CSU Pomona Modified 1/03/17 from 133L and 132L versions Dr. Julie J. Nazareth Phy 123L Mostly Review Questions 22 & 23: Propagating Uncertainty through a calculation Follow the outlined steps to perform the following calculations including uncertainty. Write out your final answer (value with its associated uncertainty) following the Rules for reporting experimental values (see Appendix C of the Phy 121L/131L lab manual). Reduce rounding error by keeping at least two extra non-significant digits in intermediate calculations. Show all work.

22. [(34.35 ± 0.05) g – (30.35 ± 0.05) g] (9.80 m/s2) = ??? Step 1: Subtract the values in the square brackets.

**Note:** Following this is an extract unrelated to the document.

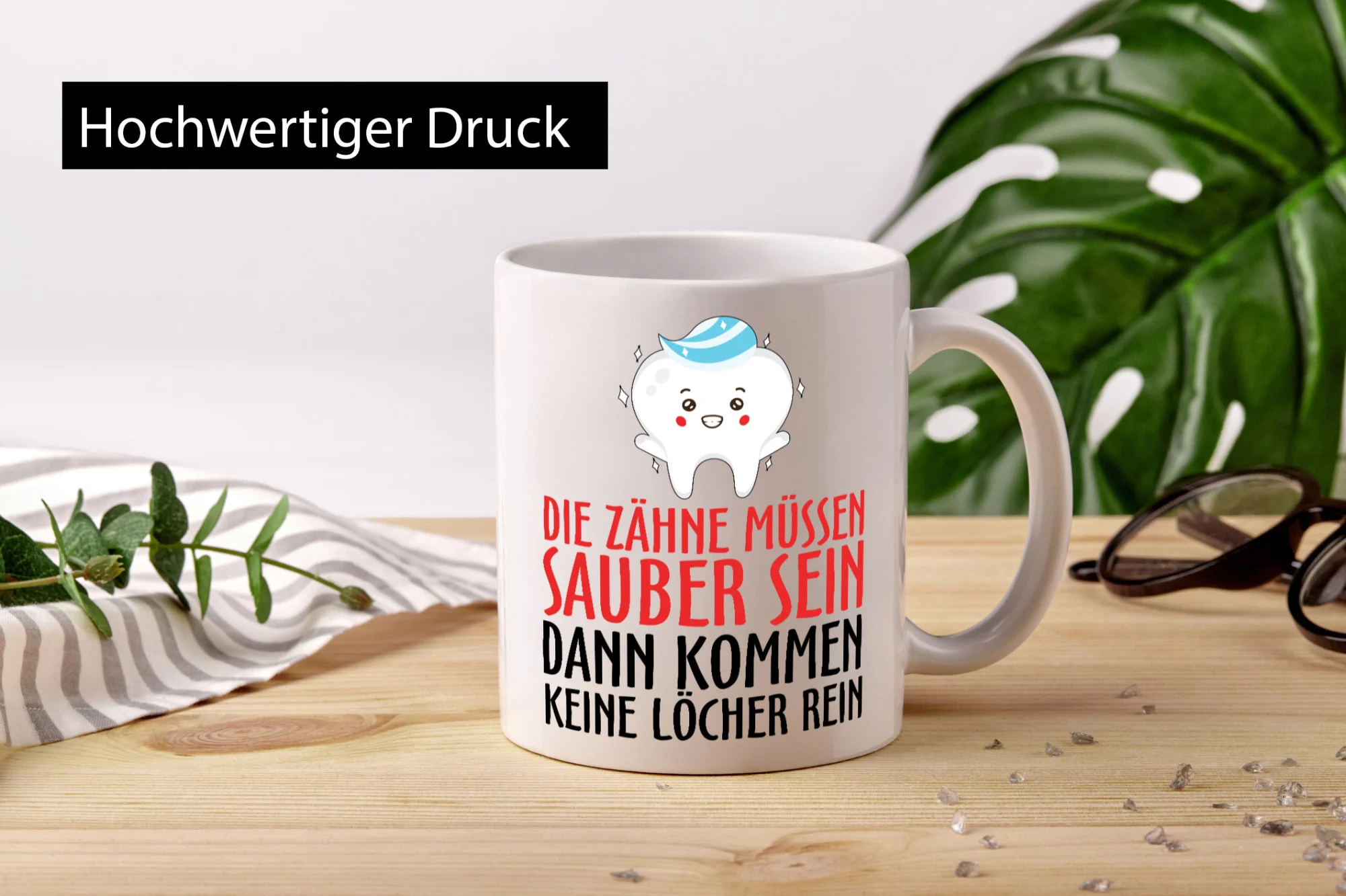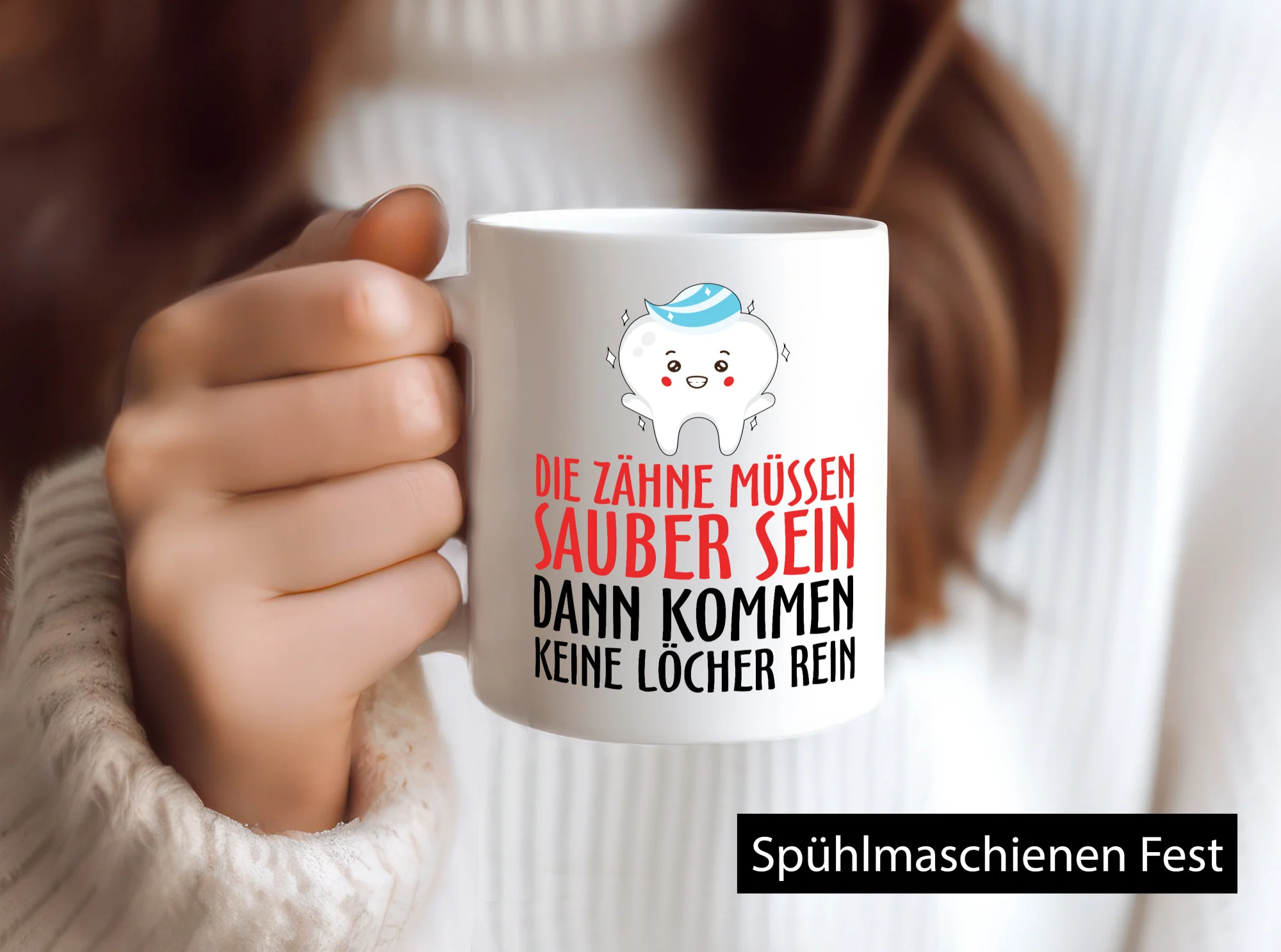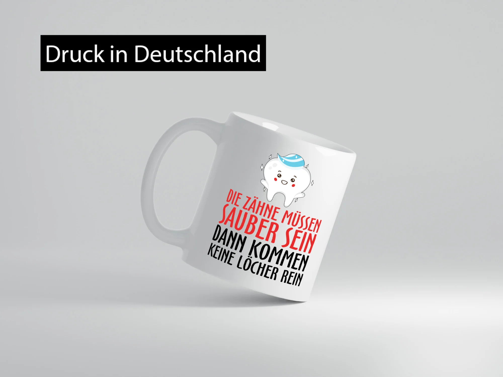 Sauber Zähne – Tasse Weiß – Kaffeetasse / Geschenk / Familie
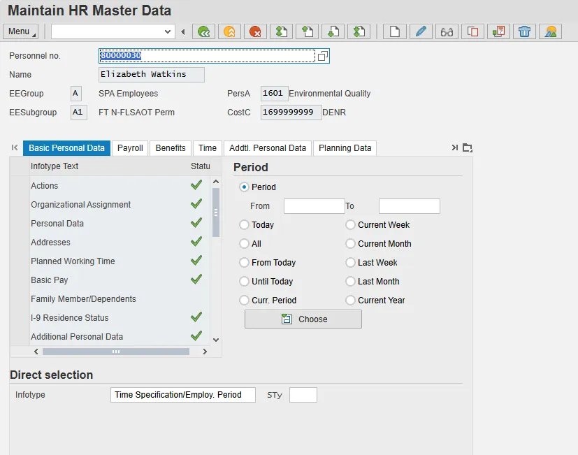 Enter value in Personnel No. Example: 80000030 |

Use Rule # 1: add absolute uncertainties. = [( ± ) g] (9.80 m/s2)

Step 2: Use Rule #4 to multiply the result in the square brackets by (9.80 m/s2), a “perfectly known number.” Remember, for Rule #4, multiply the absolute uncertainty by the “perfectly known number.” Don’t forget to also multiply the best estimate by the “perfectly known number”! = [( ± ) gm/s2]

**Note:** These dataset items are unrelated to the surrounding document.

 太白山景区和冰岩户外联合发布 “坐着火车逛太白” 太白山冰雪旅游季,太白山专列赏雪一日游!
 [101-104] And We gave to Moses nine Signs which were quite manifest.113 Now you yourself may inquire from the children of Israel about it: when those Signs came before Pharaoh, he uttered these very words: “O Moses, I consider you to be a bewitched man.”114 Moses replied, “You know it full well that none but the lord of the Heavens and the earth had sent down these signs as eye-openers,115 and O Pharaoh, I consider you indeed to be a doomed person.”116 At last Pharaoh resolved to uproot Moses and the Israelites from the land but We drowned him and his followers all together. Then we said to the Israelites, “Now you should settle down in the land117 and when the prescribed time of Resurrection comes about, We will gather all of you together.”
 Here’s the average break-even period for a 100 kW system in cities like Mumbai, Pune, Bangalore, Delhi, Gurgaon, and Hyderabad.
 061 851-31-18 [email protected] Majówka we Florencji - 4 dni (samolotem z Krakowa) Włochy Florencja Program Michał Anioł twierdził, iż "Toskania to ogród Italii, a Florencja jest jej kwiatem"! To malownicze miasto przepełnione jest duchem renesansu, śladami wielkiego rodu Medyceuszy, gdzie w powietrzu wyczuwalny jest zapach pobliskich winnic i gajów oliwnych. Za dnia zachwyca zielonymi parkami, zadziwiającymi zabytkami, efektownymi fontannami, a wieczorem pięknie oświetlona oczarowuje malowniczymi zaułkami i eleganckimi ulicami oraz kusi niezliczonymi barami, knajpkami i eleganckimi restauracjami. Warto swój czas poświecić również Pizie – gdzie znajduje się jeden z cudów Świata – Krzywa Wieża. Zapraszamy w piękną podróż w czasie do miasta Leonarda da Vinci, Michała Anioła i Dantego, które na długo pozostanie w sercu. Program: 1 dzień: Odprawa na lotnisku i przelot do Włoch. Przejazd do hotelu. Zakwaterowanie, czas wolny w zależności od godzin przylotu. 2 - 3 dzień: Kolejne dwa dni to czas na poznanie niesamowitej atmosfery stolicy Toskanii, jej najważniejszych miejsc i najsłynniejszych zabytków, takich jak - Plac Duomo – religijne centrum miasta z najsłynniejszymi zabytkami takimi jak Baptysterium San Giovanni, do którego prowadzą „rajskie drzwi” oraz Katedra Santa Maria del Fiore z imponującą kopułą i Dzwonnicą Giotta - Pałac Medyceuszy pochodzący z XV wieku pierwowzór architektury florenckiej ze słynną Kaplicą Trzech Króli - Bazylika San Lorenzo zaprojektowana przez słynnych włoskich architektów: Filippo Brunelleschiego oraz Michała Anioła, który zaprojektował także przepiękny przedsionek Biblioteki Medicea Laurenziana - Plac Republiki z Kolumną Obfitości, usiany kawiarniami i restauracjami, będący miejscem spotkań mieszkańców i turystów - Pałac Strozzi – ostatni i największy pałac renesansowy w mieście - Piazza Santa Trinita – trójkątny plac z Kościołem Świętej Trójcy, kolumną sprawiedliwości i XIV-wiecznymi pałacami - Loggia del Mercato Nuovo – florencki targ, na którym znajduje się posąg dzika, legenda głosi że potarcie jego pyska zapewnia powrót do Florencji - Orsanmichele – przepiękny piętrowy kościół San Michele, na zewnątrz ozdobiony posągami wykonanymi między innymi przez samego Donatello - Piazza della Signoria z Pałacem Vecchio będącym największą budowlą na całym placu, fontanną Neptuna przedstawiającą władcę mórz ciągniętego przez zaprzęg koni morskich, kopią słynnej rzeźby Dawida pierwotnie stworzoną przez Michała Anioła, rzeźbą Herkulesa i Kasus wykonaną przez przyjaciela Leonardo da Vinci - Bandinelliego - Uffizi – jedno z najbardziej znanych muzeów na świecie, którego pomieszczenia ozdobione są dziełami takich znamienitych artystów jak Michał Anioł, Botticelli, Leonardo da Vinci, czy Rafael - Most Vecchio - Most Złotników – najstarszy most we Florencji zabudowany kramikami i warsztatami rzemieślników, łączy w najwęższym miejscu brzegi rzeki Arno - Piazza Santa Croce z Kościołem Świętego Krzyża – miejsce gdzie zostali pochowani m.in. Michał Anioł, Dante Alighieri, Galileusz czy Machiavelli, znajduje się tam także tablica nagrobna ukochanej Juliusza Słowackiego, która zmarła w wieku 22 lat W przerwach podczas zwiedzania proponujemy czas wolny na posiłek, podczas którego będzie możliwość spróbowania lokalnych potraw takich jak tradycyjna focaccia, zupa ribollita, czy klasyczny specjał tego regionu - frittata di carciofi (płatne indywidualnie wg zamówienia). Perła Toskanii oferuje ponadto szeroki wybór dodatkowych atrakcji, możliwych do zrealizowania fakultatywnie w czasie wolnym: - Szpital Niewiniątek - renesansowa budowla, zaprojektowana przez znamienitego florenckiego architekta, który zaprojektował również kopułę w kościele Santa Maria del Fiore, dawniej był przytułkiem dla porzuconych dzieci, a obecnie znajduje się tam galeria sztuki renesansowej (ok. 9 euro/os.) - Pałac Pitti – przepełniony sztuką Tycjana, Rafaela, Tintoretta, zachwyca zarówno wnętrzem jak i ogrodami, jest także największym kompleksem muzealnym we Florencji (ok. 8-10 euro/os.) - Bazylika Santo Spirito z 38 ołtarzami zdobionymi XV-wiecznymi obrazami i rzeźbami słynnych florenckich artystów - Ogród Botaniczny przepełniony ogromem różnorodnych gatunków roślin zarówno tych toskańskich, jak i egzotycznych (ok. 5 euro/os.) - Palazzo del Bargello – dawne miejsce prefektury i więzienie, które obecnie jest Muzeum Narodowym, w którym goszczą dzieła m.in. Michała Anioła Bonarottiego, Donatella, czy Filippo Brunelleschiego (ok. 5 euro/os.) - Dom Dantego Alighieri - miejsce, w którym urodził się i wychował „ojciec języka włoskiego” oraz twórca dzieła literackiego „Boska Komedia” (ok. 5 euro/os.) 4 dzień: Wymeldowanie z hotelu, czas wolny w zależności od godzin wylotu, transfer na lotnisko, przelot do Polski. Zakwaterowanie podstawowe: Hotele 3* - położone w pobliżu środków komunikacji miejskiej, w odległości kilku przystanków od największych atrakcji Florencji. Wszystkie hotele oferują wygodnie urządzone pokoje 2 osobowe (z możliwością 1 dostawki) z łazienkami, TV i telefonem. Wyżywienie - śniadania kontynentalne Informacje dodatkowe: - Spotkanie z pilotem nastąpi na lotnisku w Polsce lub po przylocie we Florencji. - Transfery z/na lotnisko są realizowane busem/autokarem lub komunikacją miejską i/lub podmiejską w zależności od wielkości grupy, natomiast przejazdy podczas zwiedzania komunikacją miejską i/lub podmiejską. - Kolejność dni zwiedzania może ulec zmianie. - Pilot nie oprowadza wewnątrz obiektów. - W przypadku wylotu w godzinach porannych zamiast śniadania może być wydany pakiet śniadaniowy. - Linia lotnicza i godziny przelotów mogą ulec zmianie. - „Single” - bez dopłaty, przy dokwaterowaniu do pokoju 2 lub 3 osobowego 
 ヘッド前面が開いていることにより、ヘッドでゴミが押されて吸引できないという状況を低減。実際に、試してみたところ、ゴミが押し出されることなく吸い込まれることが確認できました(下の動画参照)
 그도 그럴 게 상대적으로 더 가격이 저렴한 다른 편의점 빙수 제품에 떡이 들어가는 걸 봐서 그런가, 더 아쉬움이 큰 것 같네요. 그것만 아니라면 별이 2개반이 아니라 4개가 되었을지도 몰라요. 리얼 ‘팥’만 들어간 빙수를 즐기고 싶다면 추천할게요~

Step 3 (Last step): Round the absolute uncertainty to one significant digit (or two SD if it the absolute uncertainty at the conclusion of the previous step begins with a “1” or a “2”) and round the equation result (best estimate) to the same decimal place. = [( ± ) gm/s2]

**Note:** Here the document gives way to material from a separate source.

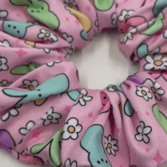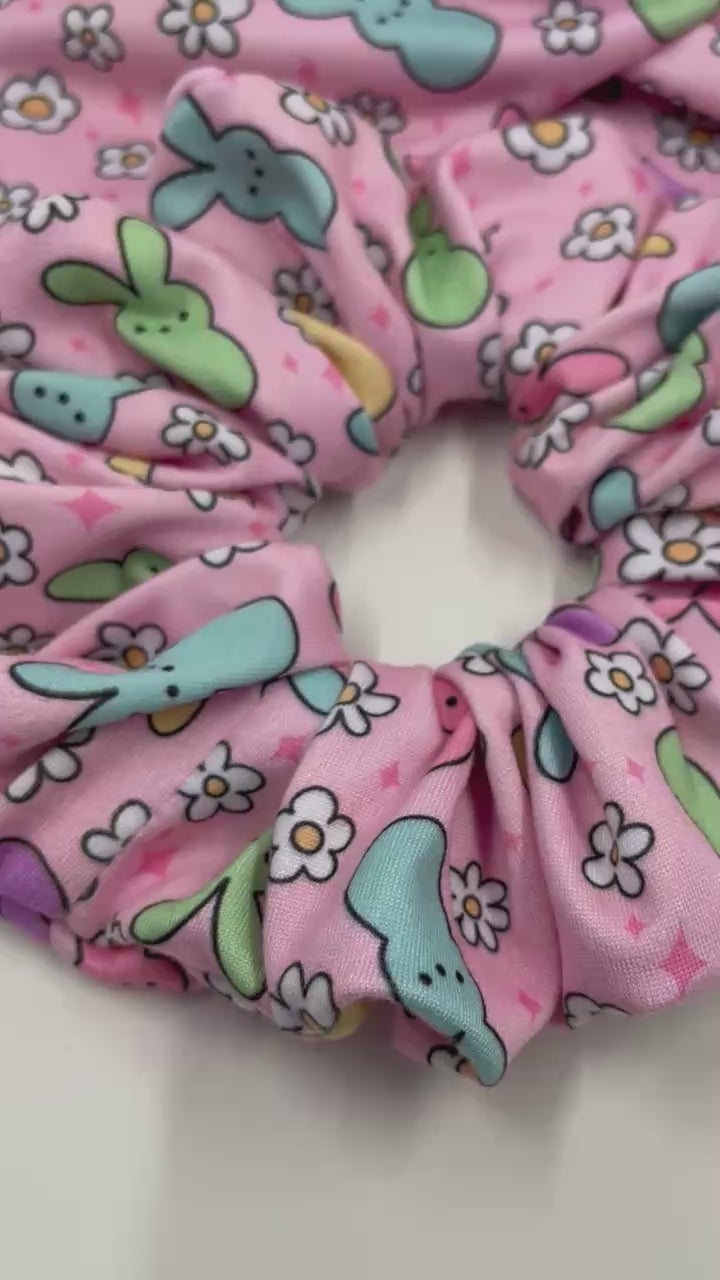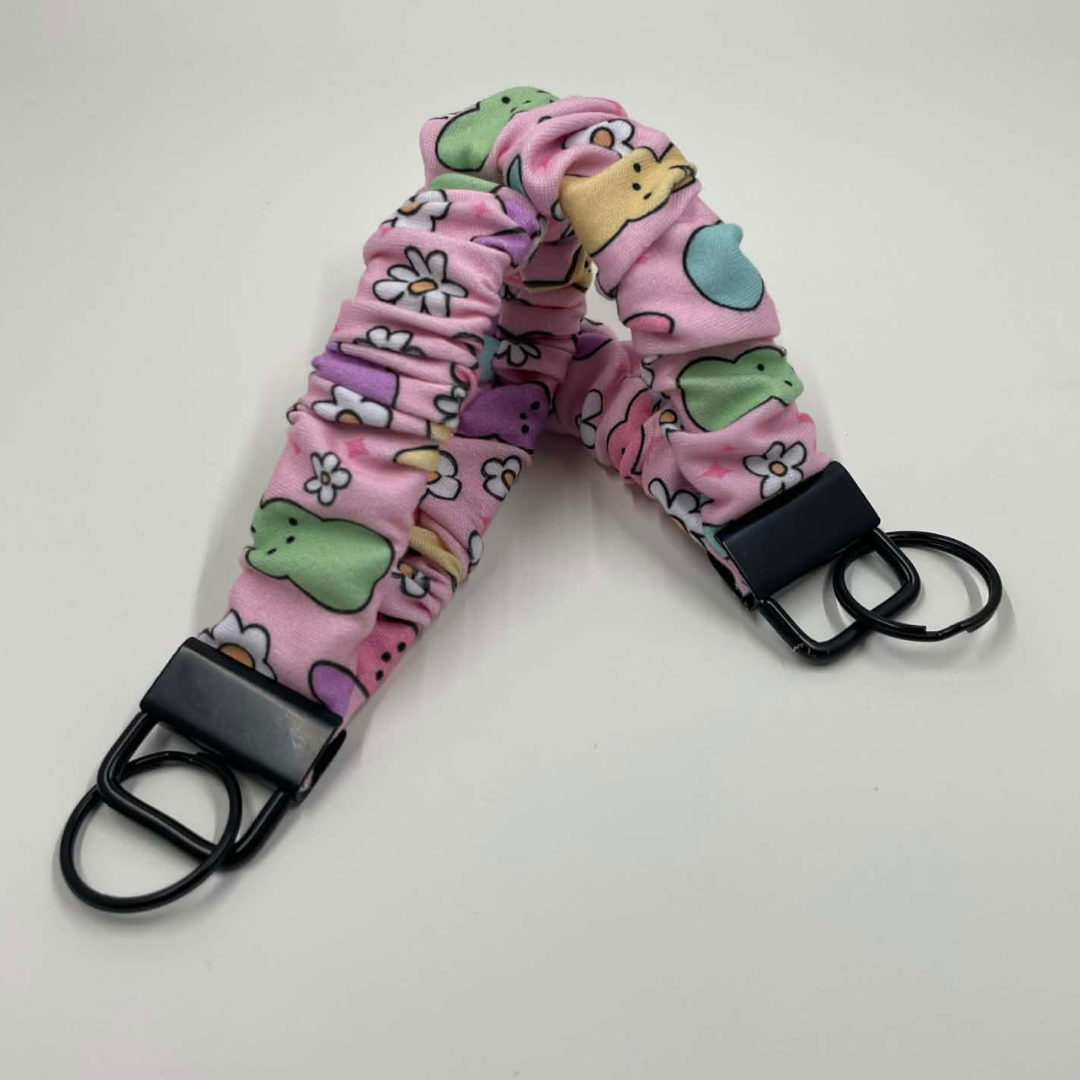 Get ready to spring into style with the HIPPITY HOPPITY BUNNY Scrunchie Keychain! This trendy accessory is a sweet reminder of Easter baskets overflowing with marshmallow goodness. Keep your essentials at hand with our soft and functional handmade scrunchie wristlet key fobs - perfect for keys, IDs, hand sanitizer, and more!

23. [(7.73 ± 0.01) cm] [(19.0 ± 0.1)mm]2 = ??? Give final answer in cm3. Step 1: Make both length measurements have the same units (mm → cm). Don’t forget to convert the absolute uncertainty also. = [(7.73 ± 0.01) cm] [( ± )cm]2

Step 2: Change the absolute uncertainties into relative uncertainties (as percentages) because you will need this for both the powers rule #3 (the square) and the multiplication rule #2.

= (7.73 cm ± %) [( cm ± %)]2

Step 3: Do the square. Square the best estimate and use Rule #3 to multiply the power (= 2 in this case) times the relative uncertainty. Don’t do anything to the 7.73 cm ± relative uncertainty yet. Just write it down in the calculation = (7.73 cm ± %) ( cm2 ± %)

Step 4: Multiply the best estimate numbers and use Rule #2 to add the relative uncertainties. = ( cm3 ± %).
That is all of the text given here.